OS MENINOS PADRES E SEU DISCÍPULO

Por: Paulo Fernando Morais

Publicado em 14/04/2018 as 20:23

Padre Tenório, da Ordem dos Meninos Padres, ensinou o vaqueiro a assinar o nome: Derme dos Santos. Este herói de pernas arqueadas e beiços em carne viva, fritados no fogaréu da caatinga do sertão do Seridó, foi para São Paulo ao encontro do seu destino.

A confraria religiosa espalhada pelos sertões nordestinos vinha doutrinando Derme com teologias heterodoxas, mas o vaqueiro resistia ao proselitismo dos infantes sacerdotes. Foi então que padre Tenório, o prior, homem de faro atilado, suspendeu a catequese e limitou-se a ensinar-lhe escrever o nome. Encontrou no vaqueiro luzes doutrinárias superiores à Summa Teologica, de Tomás de Aquino. O foco delas eram a terra e a promessa de chuva.

O peão Derme usava um chapéu de couro com testeira estilizada. No centro, uma estrela, ao lado dela espelhos de bolso, dos quais desciam cordões de couro. 

Padre Tenório tinha apenas três anos de idade, usava batina com botões. Numa precisão era mais fácil desabotoá-la. Ambos moravam num povoado fantasma, cujo nome foi derretido pelo calor de cem anos antes, quando foi enrolado na cauda de um cometa, e sumiu no rastro de uma estrela cadente, uma montanha inóspita morta há bilhões de anos, cujo espectro de luz fria vagueava pelo universo. Tempos depois do acontecimento pavoroso, o lugarejo retornou do rescaldo e foi reconstruído por homens malformados nascidos das próprias cinzas e das pedras calcinadas. As casas foram erguidas cobertas de fuligem e cinza densas, através das quais os raios solares penetravam frouxamente e desapareciam antes de chegar ao solo.

Derme dos Santos aceitava com respeitosa resignação o ensinamento do religioso, porque das suas cogitações brotavam sinais de que assinar nome seria uma perda de tempo na vida improvável que o esperava.

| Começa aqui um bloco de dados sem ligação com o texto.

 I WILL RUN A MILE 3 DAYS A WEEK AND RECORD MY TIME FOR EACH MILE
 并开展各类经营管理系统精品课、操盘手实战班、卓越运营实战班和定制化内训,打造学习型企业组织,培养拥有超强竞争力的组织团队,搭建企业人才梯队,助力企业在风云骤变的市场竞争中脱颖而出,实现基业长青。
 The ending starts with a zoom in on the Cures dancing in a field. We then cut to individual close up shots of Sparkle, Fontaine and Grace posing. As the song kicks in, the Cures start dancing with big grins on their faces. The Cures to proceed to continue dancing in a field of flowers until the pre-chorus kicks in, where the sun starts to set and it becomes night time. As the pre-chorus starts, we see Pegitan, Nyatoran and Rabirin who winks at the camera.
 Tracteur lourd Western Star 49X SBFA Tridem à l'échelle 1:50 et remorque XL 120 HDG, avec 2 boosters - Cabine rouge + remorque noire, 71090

Mesmo assim, com os olhos vermelhos, sob a luz de um candeeiro de chama hesitante, aprendeu a lição e deixou os meninos padres muito satisfeitos com aquele a quem chamavam “nossa criatura”. 

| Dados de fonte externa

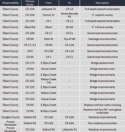Based on these categories and the county’s scoring schematic, projects addressing future anticipated congestion issues, particularly in the northwestern area of Elbert County, scored better than elsewhere in the county. Additionally, projects addressing de ciencies, such as ongoing maintenance issues, poor pavement or bridge conditions, or ooding issues score better than others. From their study, a total of
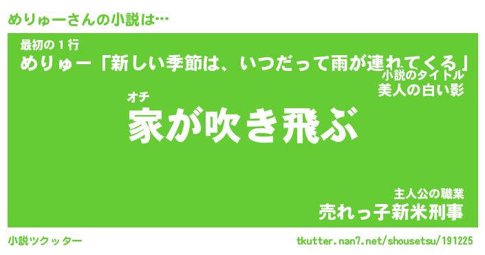 | 男性向けラノベタイトル風あだ名 | 『めりゅーの憂鬱』 |
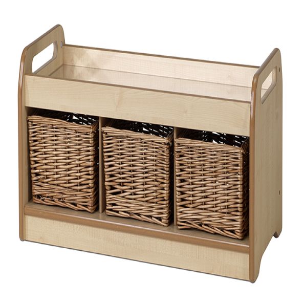 Low level and easy access unit with mirror surface for sensory play. • Manufactured in the UK from premium grade maple melamine • Hard-wearing, scratch-resistant and easy-clean surface • Removable safety mirror surface • Top ledge creates enclosed play area • Resources accessible from both sides • Includes 3 baskets • Fully assembled • 10 year guarantee W900 x D400 x H430mm
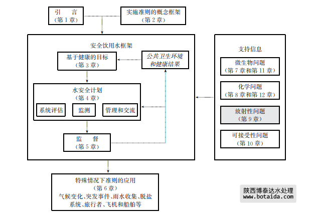 對于健康風(fēng)險評價來說,本準(zhǔn)則對天然放射性同位素和人工放射性同位素同樣適用。但 對于風(fēng)險管理,二者還是有些差別,因?yàn)閺睦碚撋希斯し派湫酝凰卦谶M(jìn)入供水系統(tǒng)之前是 可控的。相反,對于天然放射性同位素來說,在消費(fèi)者使用前,可在任何地點(diǎn)或多個地點(diǎn)都有 進(jìn)入供水系統(tǒng)的潛在可能性。因此,在飲用水中天然放射性同位素往往較難實(shí)施控制。
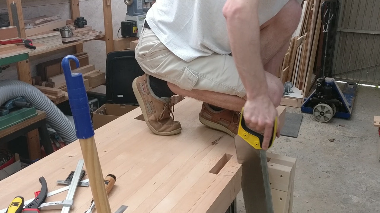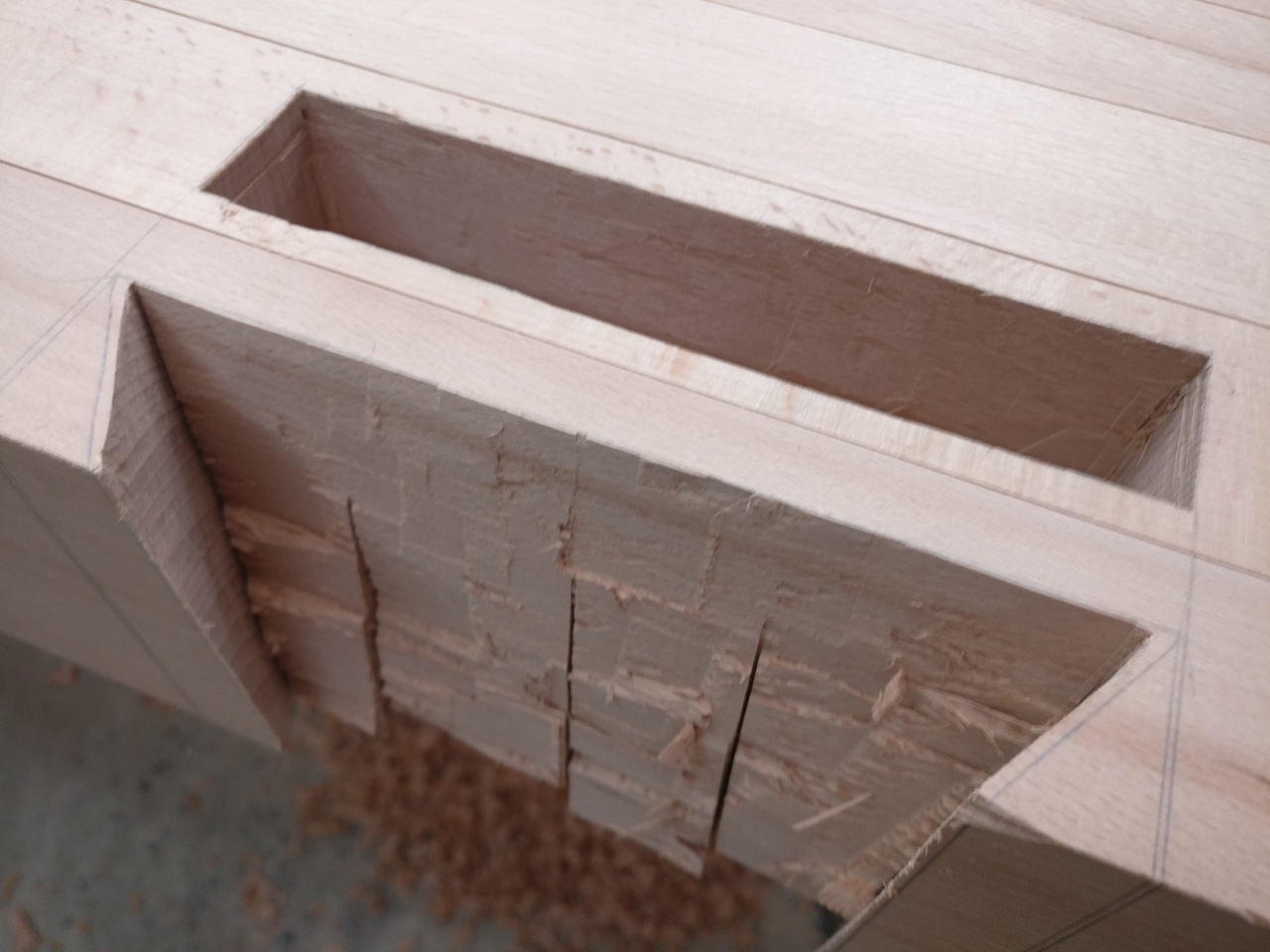 Une fois que la mortaise rectangulaire est presque prête, je peux couper la queue d'aronde. Comme c'est ma toute première expérience d'un tel sciage, je reste bien à l'écart de ma ligne. En voyant le résultat, je me dis que j'aurais pu scier bien plus près! Et plus tard, quand je vais devoir ajuster au ciseau, je me le redirai aussi
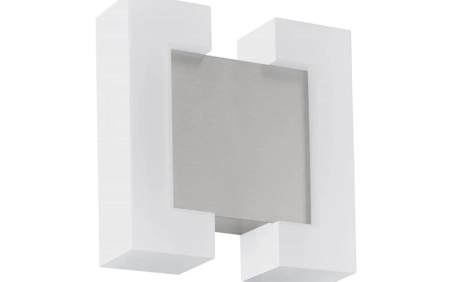 SITIA exteriör LED-vägglampa har en fyrkantig, zinkpläterad metallstomme i matt nickelfinish. På sidorna sitter två U-formade ljuspaneler av vit plast, som fördelar ljuset jämnt och ger produkten ett modernt utseende. De integrerade lysdioderna ger ett behagligt varmvitt ljus. Lampan är lämplig för utomhusbruk tack vare sitt IP44-skydd mot sprutvatten. Vägglampan har en minimalistisk design som smälter in i alla moderna utomhusutrymmen och är den perfekta ytterväggslampan för husentréer, terrasser eller en balkong.

Derme dos Santos foi embora e engalfinhou-se com o mundo e dominou-o com uma gravata marcial. Da luta com a vida uma lição que era o oposto do que lhe ensinara a Ordem religiosa: aos famintos, restos de comida; aos porcos, joias.

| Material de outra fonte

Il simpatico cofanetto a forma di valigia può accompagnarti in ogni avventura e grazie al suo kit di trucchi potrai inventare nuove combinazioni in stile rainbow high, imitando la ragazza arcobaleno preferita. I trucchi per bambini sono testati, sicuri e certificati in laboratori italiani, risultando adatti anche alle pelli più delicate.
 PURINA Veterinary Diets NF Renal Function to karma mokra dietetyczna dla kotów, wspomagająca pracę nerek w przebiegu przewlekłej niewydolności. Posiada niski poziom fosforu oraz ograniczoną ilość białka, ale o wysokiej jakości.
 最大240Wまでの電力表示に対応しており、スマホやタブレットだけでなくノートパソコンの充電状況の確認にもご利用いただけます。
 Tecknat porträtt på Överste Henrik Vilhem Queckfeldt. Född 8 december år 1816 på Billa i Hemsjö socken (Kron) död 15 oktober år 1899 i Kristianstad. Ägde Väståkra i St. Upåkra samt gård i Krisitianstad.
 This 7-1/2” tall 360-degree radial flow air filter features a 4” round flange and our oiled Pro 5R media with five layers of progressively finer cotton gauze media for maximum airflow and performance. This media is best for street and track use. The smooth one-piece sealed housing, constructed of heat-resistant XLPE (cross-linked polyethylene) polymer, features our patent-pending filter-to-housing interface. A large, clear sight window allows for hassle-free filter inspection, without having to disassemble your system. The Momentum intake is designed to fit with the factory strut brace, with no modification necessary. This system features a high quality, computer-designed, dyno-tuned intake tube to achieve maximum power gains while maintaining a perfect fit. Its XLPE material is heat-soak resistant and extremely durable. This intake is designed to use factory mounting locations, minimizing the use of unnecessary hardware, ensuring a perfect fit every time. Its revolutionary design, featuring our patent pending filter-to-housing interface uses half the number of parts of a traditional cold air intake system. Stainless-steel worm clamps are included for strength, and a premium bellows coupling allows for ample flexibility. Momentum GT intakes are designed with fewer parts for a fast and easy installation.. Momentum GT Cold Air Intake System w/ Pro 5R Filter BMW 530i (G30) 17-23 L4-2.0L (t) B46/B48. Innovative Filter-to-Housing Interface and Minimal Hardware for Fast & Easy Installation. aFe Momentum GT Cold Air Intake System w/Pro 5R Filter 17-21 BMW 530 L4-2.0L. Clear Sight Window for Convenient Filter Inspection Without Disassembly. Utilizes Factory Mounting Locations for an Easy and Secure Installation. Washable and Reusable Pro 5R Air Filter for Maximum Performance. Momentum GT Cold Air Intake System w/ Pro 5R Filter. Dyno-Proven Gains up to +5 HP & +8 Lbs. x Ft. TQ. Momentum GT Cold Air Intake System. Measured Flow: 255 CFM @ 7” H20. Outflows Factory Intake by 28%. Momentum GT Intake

Quando, muito além daqueles dias o céu apareceu com dois sóis de geometria desigual, Derme voltou ao sertão, ao povoado cujo nome o cometa entregou à luz glacial da estrela morta, e foi recebido por padre Tenório, já em vias de desaparecer, pois estava menor do que a cabeça de um Caboclinho. – Voltou? Cadê o chapéu enfeitado de estrela e espelhos com rabos de couro? – Padre Tenório, como disse naquela ocasião, assinar o nome não serviu pra nada. Arrumei a vida no gogó. Aqui está o velho chapéu, com a estrela sem pontas, e os espelhos cegos. Não serve pra nada. Com a licença do velho amigo em extinção, vou rumar no lixo.